Test Results¶
Every successful test run generates a set of results in JSON. These are
saved with the test, but are also logged to a central results.log
file that is formatted in a Splunk compatible manner.
This page covers how results are gathered for each test run, as well as how to use the results system to pull results from test output.
Gathering Results¶
Result gathering steps:
- Generate the base result field values.
- Use result parser plugins to parse values from result files.
- Use result evaluations to modify results or generate additional values.
- Convert the ‘result’ key from True/False to ‘PASS’/’FAIL’.

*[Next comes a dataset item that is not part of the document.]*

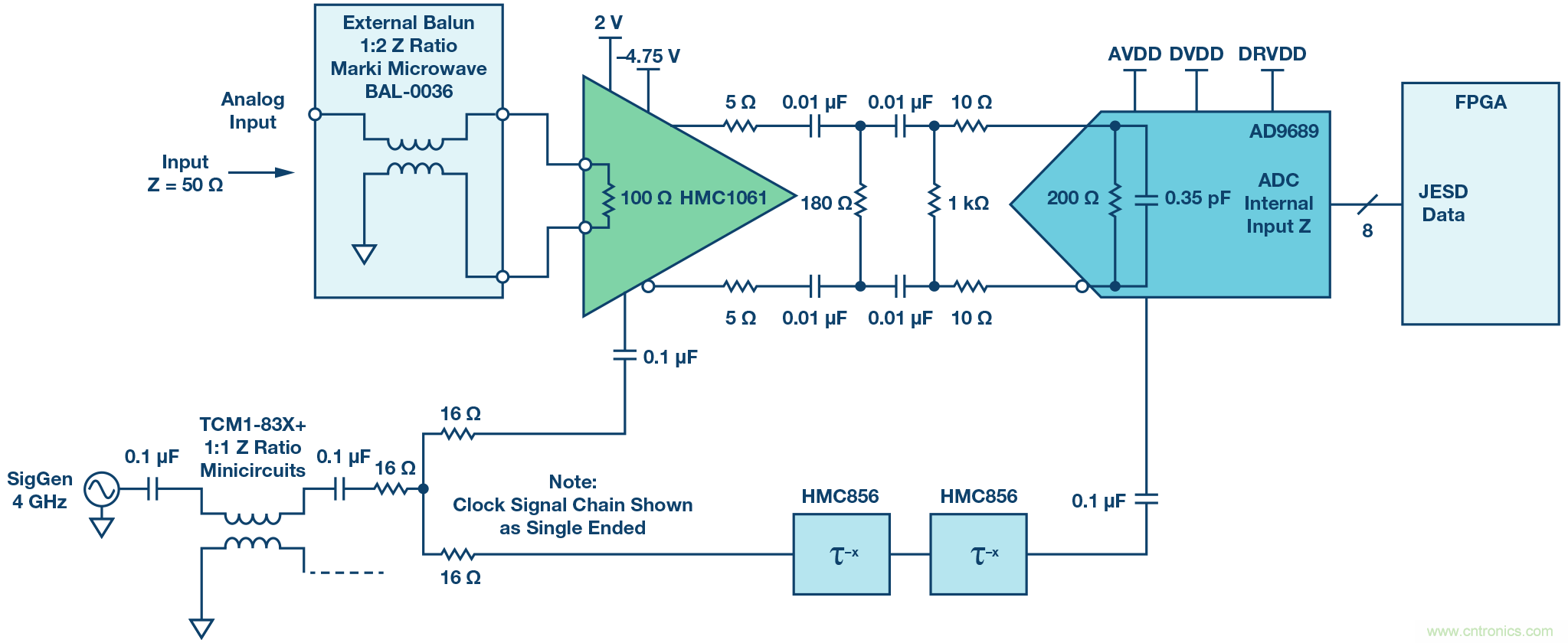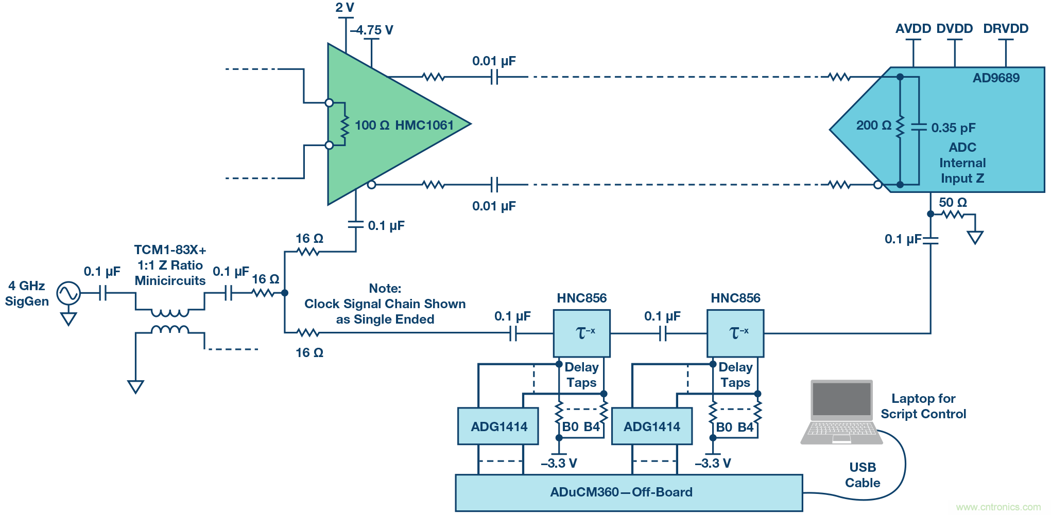 圖5. THA和ADC前端網絡及信號鏈。

All results are stored in a json mapping that looks like this:
{"avg_speed": 3.7999,
"command_test": "PASS",
"created": "2020-07-06 15:28:08.528899",
"duration": "0:00:06.130584",
"finished": "2020-07-06 15:28:08.528617",
"id": 16176,
"job_id": "123",
"name": "mytests.base",
"pav_result_errors": [],
"result": "PASS",
"return_value": 0,
"sched": {"avail_mem": "80445",
"cpus": "36",
"free_mem": "76261",
"min_cpus": "36",
"min_mem": "131933.144",
"total_mem": "125821"},
"started": "2020-07-06 15:28:02.398033",
"sys_name": "pav-test",
"n": {
"node01": {"raw_speed": 33},
"node03": {"raw_speed": 39},
"node05": {"raw_speed": 42}
}
"user": "bob"}
- Most values are stored at the top level of the mapping.
- Most scheduler variables are included, to improve tracking of how exactly the test ran.
pav_result_errors
stores a list of errors encountered when gathering results.- The ‘n’ and ‘fn’ sections store per_file information. This can be used to gather separate per-node information in cases where you have an output file for each node when using result parsers.
- Average speed in this case is a value calculated from each of the node speeds using result evaluations.
The Results Log¶
The results log records every step of the results gathering process in great
detail. It is stored in each test run directory in results.log
, and is
available via the pav log results <test_id>
command.
The general results log keeps a record of the results of every test run under
your instance of Pavilion. It’s location is configured via the general
pavilion.yaml
config, but defaults to residing in the working directory.
It’s format is designed to be easily read by Splunk and similar tools.
Basic Result Keys¶
These keys are present in the results for every test, whether the test
passed or failed. To see the latest list of base result values, run
pav show result_base
. All of these keys, as well as ‘result’, are reserved.
$ pav show result_base
Name | Doc
-------------------+-------------------------------------------------
name | The test run name
id | The test run id
created | When the test was created.
started | When the test run itself started.
finished | When the test run finished.
duration | Duration of the test run (finished - started)
user | The user that started the test.
job_id | The scheduler plugin's jobid for the test.
sched | Most of the scheduler variables.
sys_name | The system name '{{sys.sys_name}}'
pav_result_errors | Errors from processing results.
n | Per file results (the filename sans extension).
fn | Per filename results.
return_value | The return value of run.sh
All time fields are in ISO8601 format.
Basic Result Parsing¶
The result_parse
section of the config lets you configure result parsers
to pull useful information out of files generated by your test run.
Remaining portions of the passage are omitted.